The Copper Age of comics began in 1984 and ended in 1992. The copper age saw significant changes in comic book storylines and updated many characters and either brought back discontinued characters or reestablished them in a more modern setting.

A new generation of readers instigated a much higher craving for action and updated graphics, material, and storylines. Writers and publishers went to work making comic book characters more lifelike and even more human.

During this period, the world of comic books took on a whole new meaning as readers began flocking to the stores to read about their favorite heroes. The change in storylines became noticeable as a more darker-tone stories began to emerge.

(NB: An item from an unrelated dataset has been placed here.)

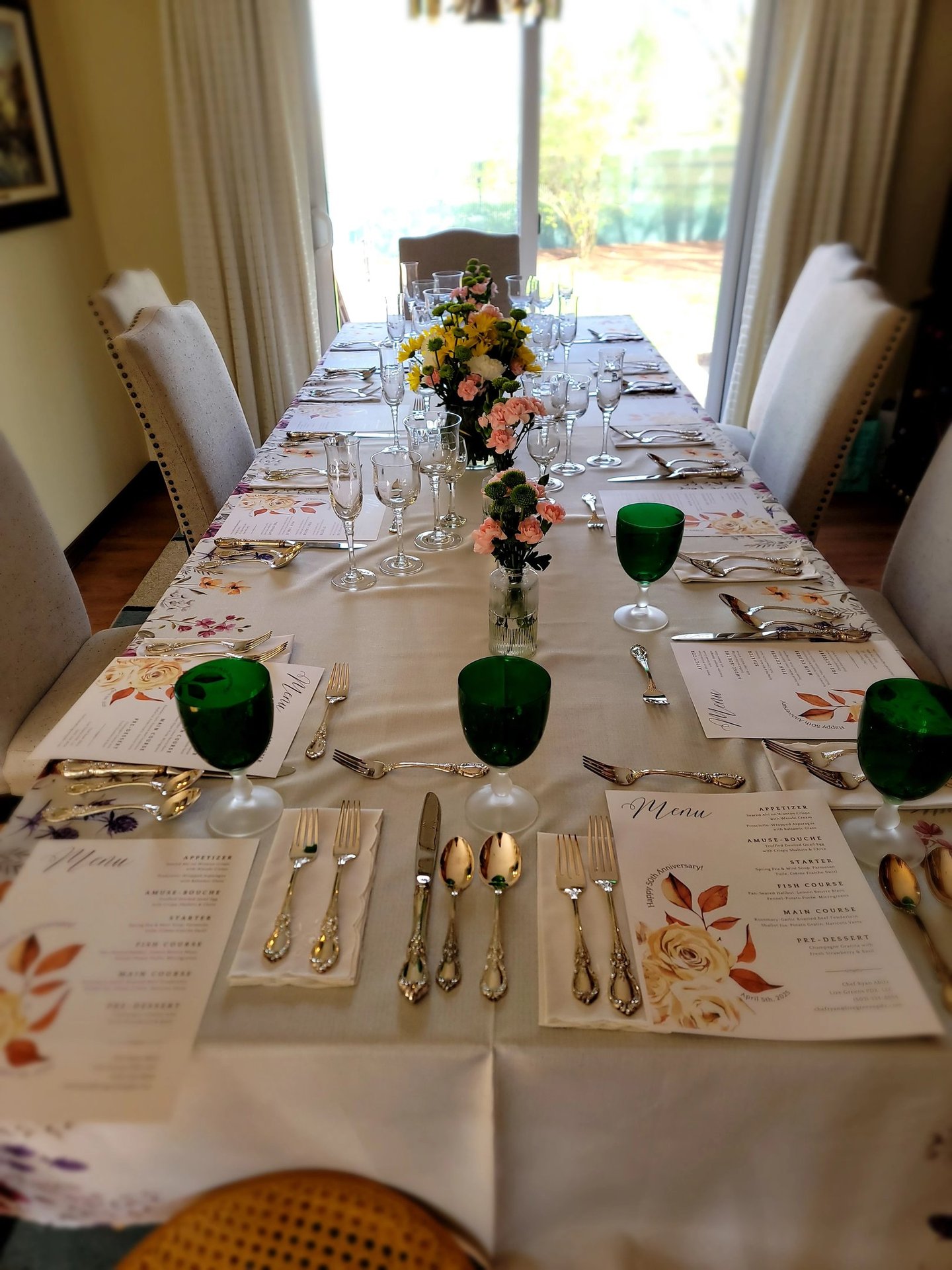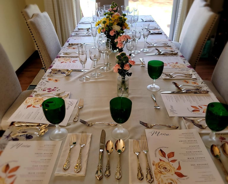 Relax and enjoy time with your guests while we handle everything such as menu planning, shopping, cooking, plating, and kitchen clean-up. Whether you’re hosting a cozy anniversary dinner or a multi-course gathering for up to 20 guests, you’ll receive a personalized dining experience crafted with care and detail.

The competition for comic book dollars during this period saw Marvel, DC, Image, Dell, Quality, Topps, Valiant, Dark Horse, Gold Key, and other comic book publishers competing vigorously for their share of the market, thereby putting out more and better quality stories, magazines, and graphics.

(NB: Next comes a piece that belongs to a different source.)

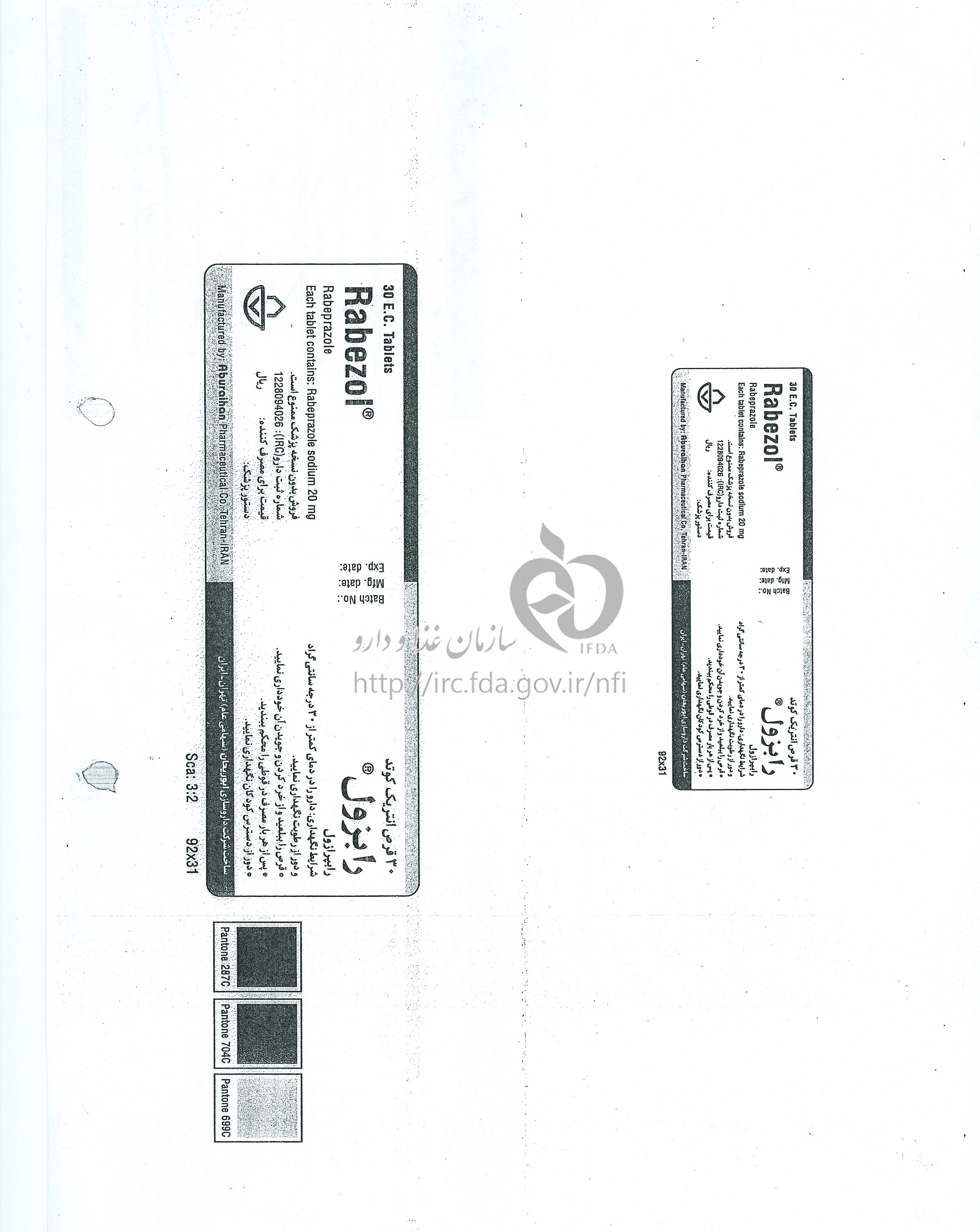 رابزول قرص انتریک کوتد خوراکی 20 mg

Antiheroes became the characters that made comic books sale, just as much or more than the traditional heroes. Wolverine, Morbius, Ghost Rider, The Punisher, and other characters fought crime and injustice, but just within the boundaries of the law.

The traditional heroes, Iron Man, Green Lantern, The Avengers, Spider Man, Bat Man and Robin, The X Men, The Fantastic Four, Super Man, The Silver Surfer, The Justice League of America, Flash, Hawkeye, The Hulk, Wonder Woman, and Dare Devil were still around battling old and new adversaries.

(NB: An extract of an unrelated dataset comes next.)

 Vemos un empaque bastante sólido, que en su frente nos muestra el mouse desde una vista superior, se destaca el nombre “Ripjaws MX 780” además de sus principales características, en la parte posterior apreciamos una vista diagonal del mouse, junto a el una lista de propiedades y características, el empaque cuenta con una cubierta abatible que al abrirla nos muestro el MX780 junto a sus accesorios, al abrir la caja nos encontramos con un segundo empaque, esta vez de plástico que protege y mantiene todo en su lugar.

Female super heroes and other characters, both good and bad, made an impact during this period. Buffy The Vampire Slayer, Huntress, Red Sonja, Sheena, Electra, Vampirella, Power Girl, Super Girl, Black Canary, Bat Girl, and Phoenix were very popular.

The copper age brought comic book characters in line with the real life generation X. These characters worried about money, financial security, and where their next battle would be fought, but they did not worry about being politically correct.

The Copper Age of comics was a great lead in to the Modern Age of Comics because, with the coming advances in computer technology and graphic design, the internet, and satellite imagery, information around the world became more accessible and opened the door for a greater readership of comics and super hero movies.

As with all antiques and collectibles, the economy has a strong role in the selling of comic books, figurines, collectible cards, dolls, and comic book collections. If the economy is good, the market for comic books and other collectibles become energized but when the general economy is bad, so goes the antiques and collectibles business.